Retype only what runs from the beginning of the data through the line with "- Setul contine: o"; please omit the pictures and keep every line exact.

* [Available records]
★ ★ ★ ★ ★

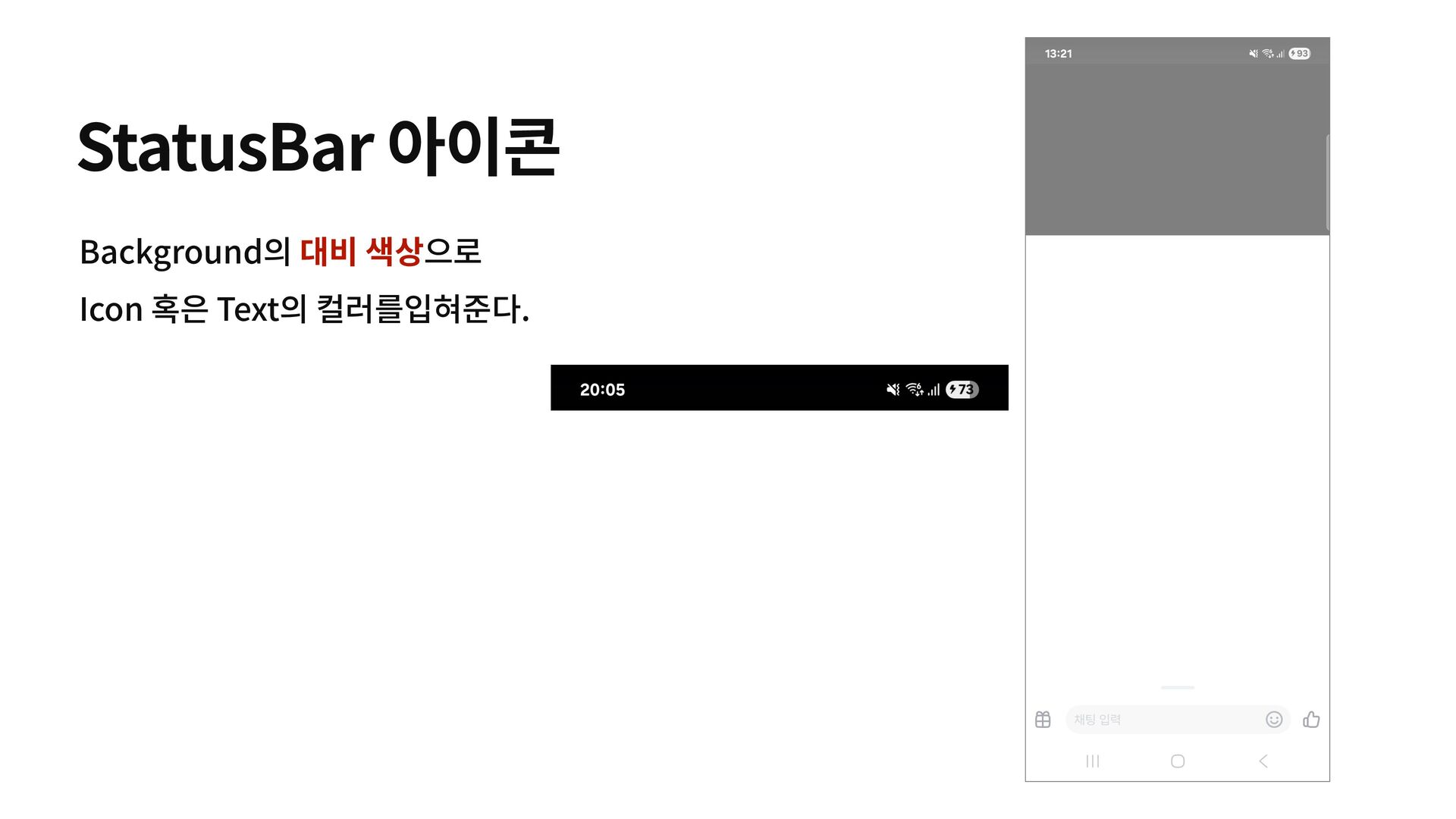 of the status bars * to light so that the items on the bar can be read clearly. * If false, reverts to the default appearance. */ fun setAppearanceLightStatusBars(isLight: Boolean) { mImpl.setAppearanceLightStatusBars(isLight) } StatusBar 아이콘 혹은 텍스트의 색상을 변경 - true -> 어두운 색상 - false -> 밝은 색상
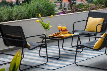 Casa può accogliere 6 ospiti. I letti sono disposti nelle camere da letto che sono 3, su 99m2. Gli ospiti hanno a disposizione il proprio terrazzo per godere nelle calde serate estive. Dalla casa si gode di una vista sul mare. Durante il soggiorno gli ospiti si possono rilassare nella piscina privata.
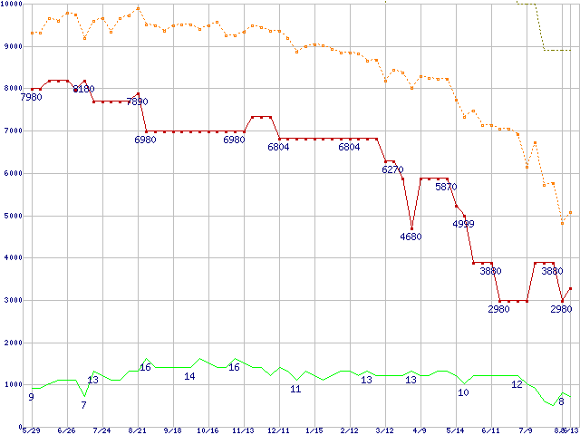 メモリ主要製品の最安値推移
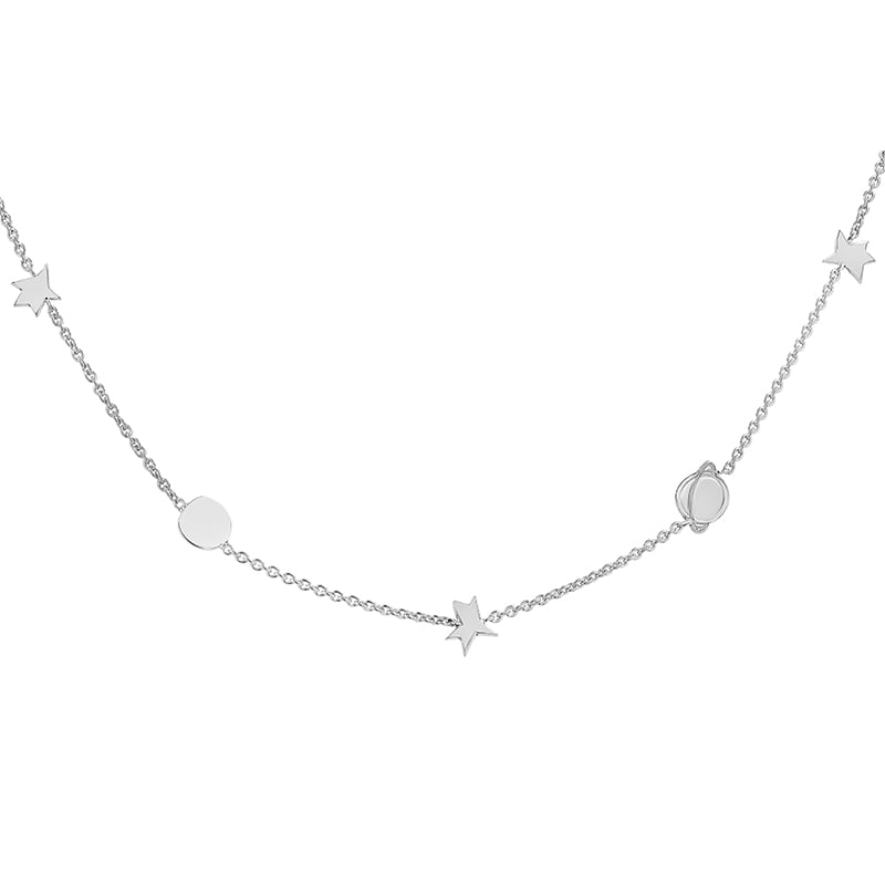 • die zarte Halskette ist mit winzigen, glänzenden Anhängern in Form von Sternen und Planeten besetzt
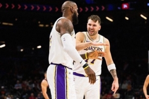 賽后,湖人發(fā)布贏球海報,東契奇和詹姆斯登上封面。
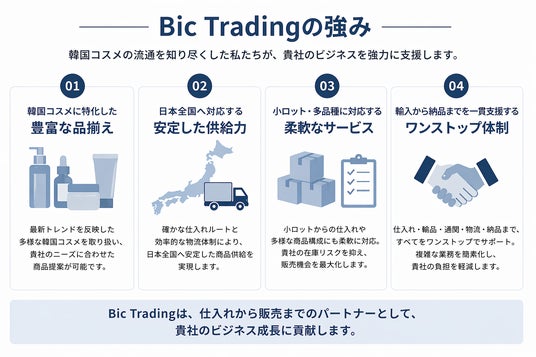 韓国化粧品の輸入・卸売事業を展開する株式会社Bic Trading(本社:大阪府大阪市)は、日本市場における韓国化粧品(K-Beauty)の需要拡大を背景に、日本企業向けの導入・流通支援サービスを強化した。
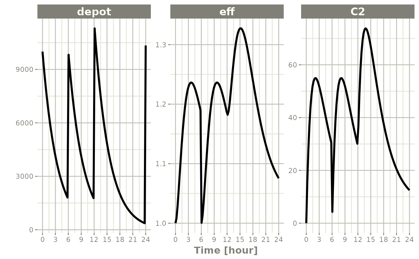 rxSolve(m1, ev) %>% plot(depot,C2, eff)#> i parameter labels from comments are typically ignored in non-interactive mode
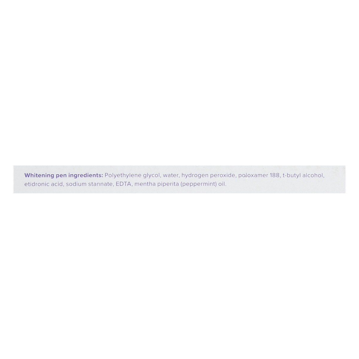 Whitening Pen Ingredients: Polyethylene Glycol, Water, Hydrogen Peroxide, Poloxamer 188, T-Butyl Alcohol, Etidronic Acid, Sodium Stannate, EDTA, Mentha Piperita (Peppermint) Oil.
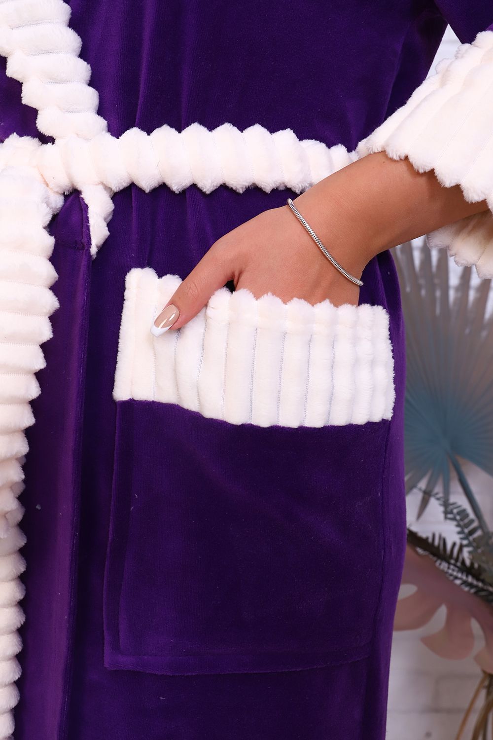 Очень теплый и уютный халат из качественного велюра. По бокам накладные карманы, общая длина приблизительно ниже коленей, воротник, пояс и манжеты рукавов из контрастной ткани молочного цвета
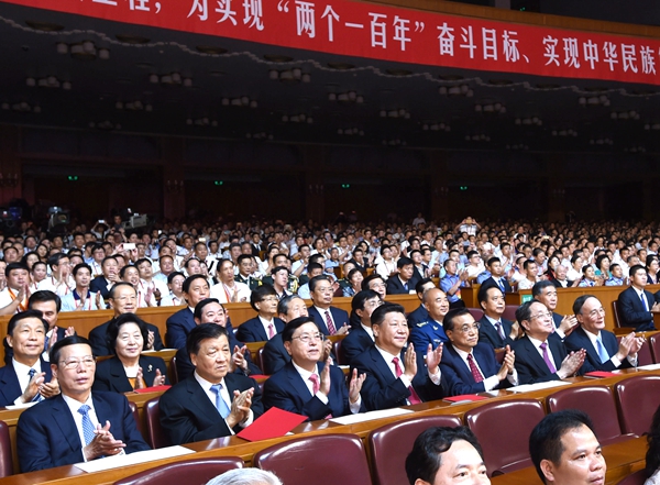 6月29日晚,庆祝中国共产党成立95周年音乐会《信念永恒》在北京举行。习近平、李克强、张德江、俞正声、刘云山、王岐山、张高丽等党和国家领导人与首都各界3000多人共同观看音乐会。新华社记者 饶爱民 摄
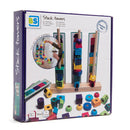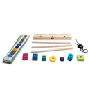 - Setul contine: o baza din lemn, trei bete, 42 de blocuri din lemn de diferite forme si culori, imprimate cu modele, 12 carduri cu provocari si un snur pentru insirat.
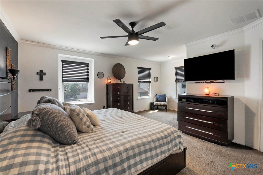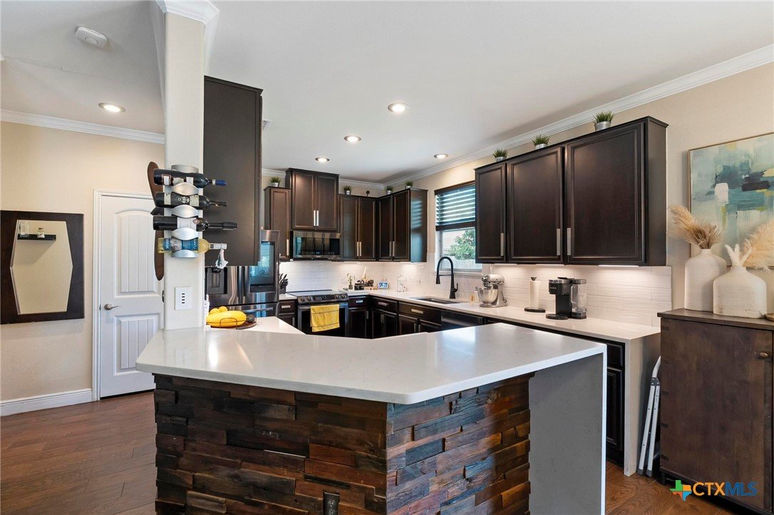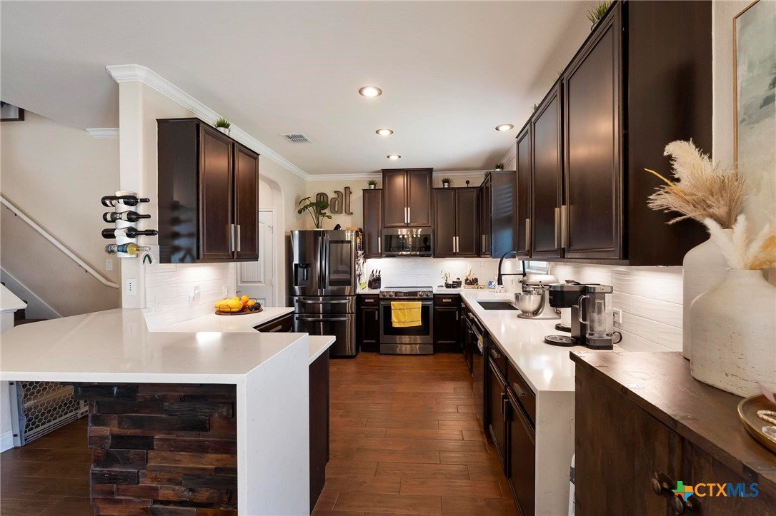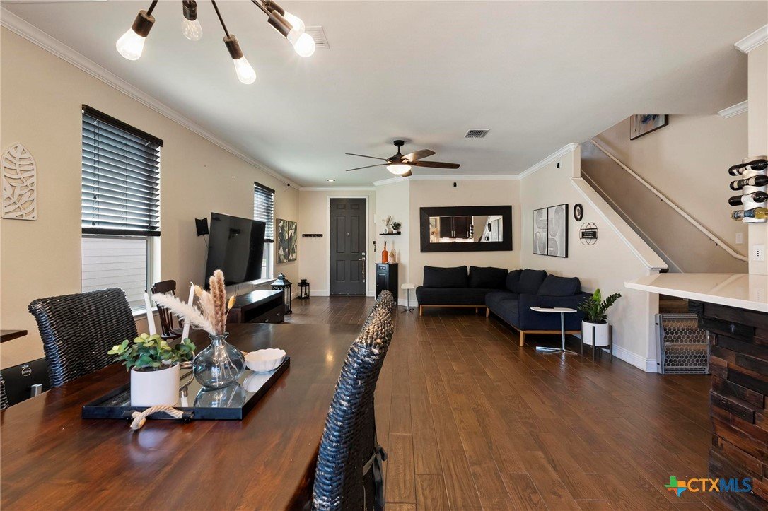 Welcome to this beautifully maintained 2-story home located in a quiet, established neighborhood—just minutes from major tech employers and with easy access to 290, I-35, and 130! This spacious 2,068 sq. ft. home features 3 bedrooms, 2.5 bathrooms, and a versatile upstairs loft that can easily be transformed into a game room, movie lounge, or home office. The open-concept floor plan offers excellent flow, with an updated kitchen that overlooks a large family room—perfect for entertaining or cozy nights in. Enjoy elegant crown molding throughout and stunning tile flooring that adds warmth and charm. The laundry room is conveniently located on the main floor and includes a high-efficiency washer and dryer. Upstairs, the oversized primary suite includes a walk-in closet and an en-suite bathroom. Two additional bedrooms and a full bath round out the second level. Step outside to a private, fully fenced backyard with a covered patio—ideal for relaxing evenings or weekend barbecues. Don’t miss your chance to tour this wonderful home—schedule a showing today. You won’t be disappointed!
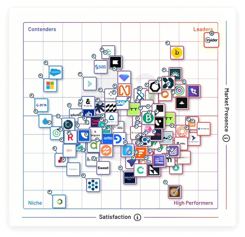 Insider scored 99/100 for its Integration capabilities—10% higher than the industry average. Sync customer, engagement, and product data across your entire tech stack with 100+ out-of-the-box integrations in 20+ categories, including CRM, data warehouses analytics, paid ads, social media, and more.
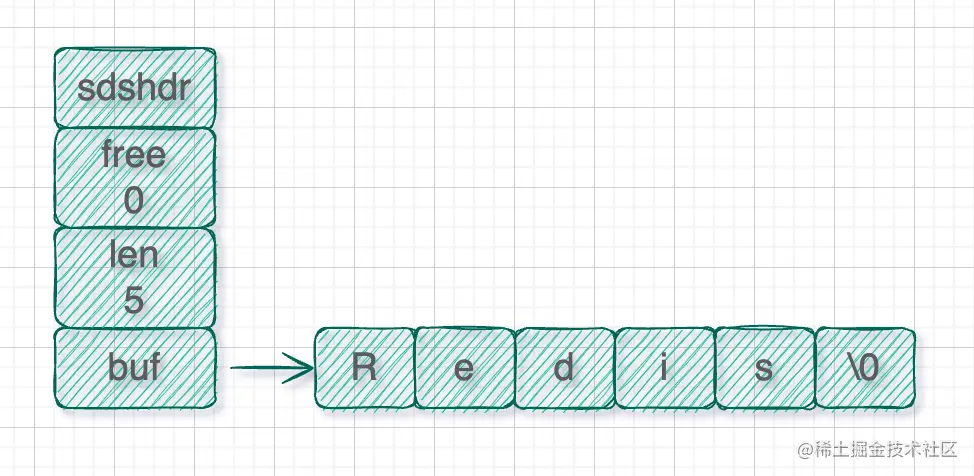 由于C语言字符串有这么多缺点,而Redis又追求极致性能,所以只能自己实现一套,看一下Redis字符串底层是怎么实现的?
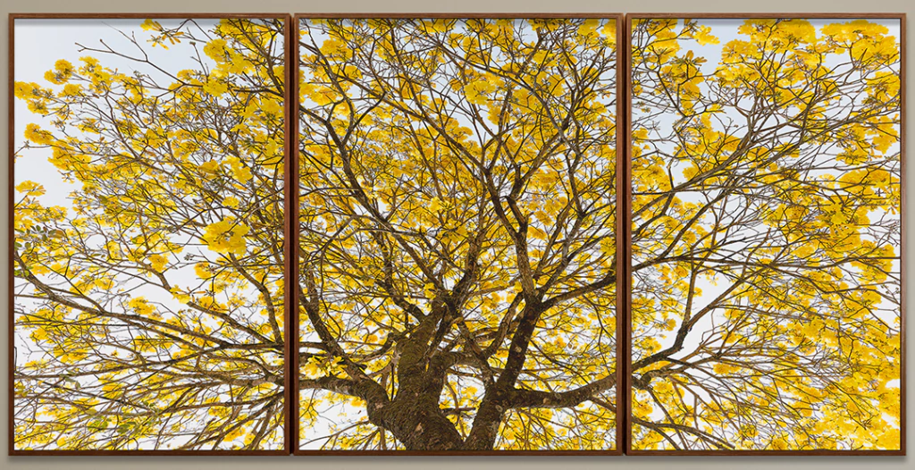 Composição com três quadros: "Florada dos ipês"
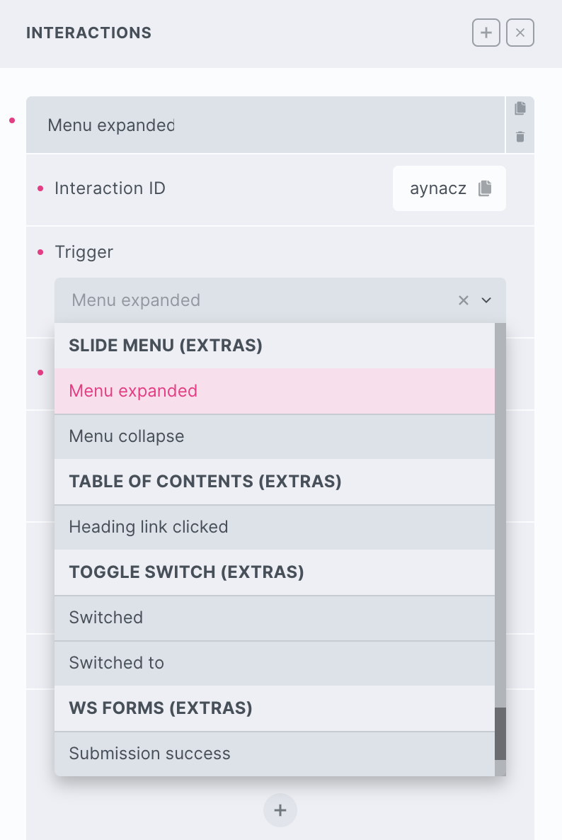 This element has it’s own interaction settings. Refer the interactions tab below for the list of element-specific triggers and/or actions.

★ ★ ★ ★ ★

* [Task solution]
 of the status bars * to light so that the items on the bar can be read clearly. * If false, reverts to the default appearance. */ fun setAppearanceLightStatusBars(isLight: Boolean) { mImpl.setAppearanceLightStatusBars(isLight) } StatusBar 아이콘 혹은 텍스트의 색상을 변경 - true -> 어두운 색상 - false -> 밝은 색상
 Casa può accogliere 6 ospiti. I letti sono disposti nelle camere da letto che sono 3, su 99m2. Gli ospiti hanno a disposizione il proprio terrazzo per godere nelle calde serate estive. Dalla casa si gode di una vista sul mare. Durante il soggiorno gli ospiti si possono rilassare nella piscina privata.
 メモリ主要製品の最安値推移
 • die zarte Halskette ist mit winzigen, glänzenden Anhängern in Form von Sternen und Planeten besetzt
 賽后,湖人發(fā)布贏球海報,東契奇和詹姆斯登上封面。
 韓国化粧品の輸入・卸売事業を展開する株式会社Bic Trading(本社:大阪府大阪市)は、日本市場における韓国化粧品(K-Beauty)の需要拡大を背景に、日本企業向けの導入・流通支援サービスを強化した。
 rxSolve(m1, ev) %>% plot(depot,C2, eff)#> i parameter labels from comments are typically ignored in non-interactive mode
 Whitening Pen Ingredients: Polyethylene Glycol, Water, Hydrogen Peroxide, Poloxamer 188, T-Butyl Alcohol, Etidronic Acid, Sodium Stannate, EDTA, Mentha Piperita (Peppermint) Oil.
 Очень теплый и уютный халат из качественного велюра. По бокам накладные карманы, общая длина приблизительно ниже коленей, воротник, пояс и манжеты рукавов из контрастной ткани молочного цвета
 6月29日晚,庆祝中国共产党成立95周年音乐会《信念永恒》在北京举行。习近平、李克强、张德江、俞正声、刘云山、王岐山、张高丽等党和国家领导人与首都各界3000多人共同观看音乐会。新华社记者 饶爱民 摄
 - Setul contine: o baza din lemn, trei bete, 42 de blocuri din lemn de diferite forme si culori, imprimate cu modele, 12 carduri cu provocari si un snur pentru insirat.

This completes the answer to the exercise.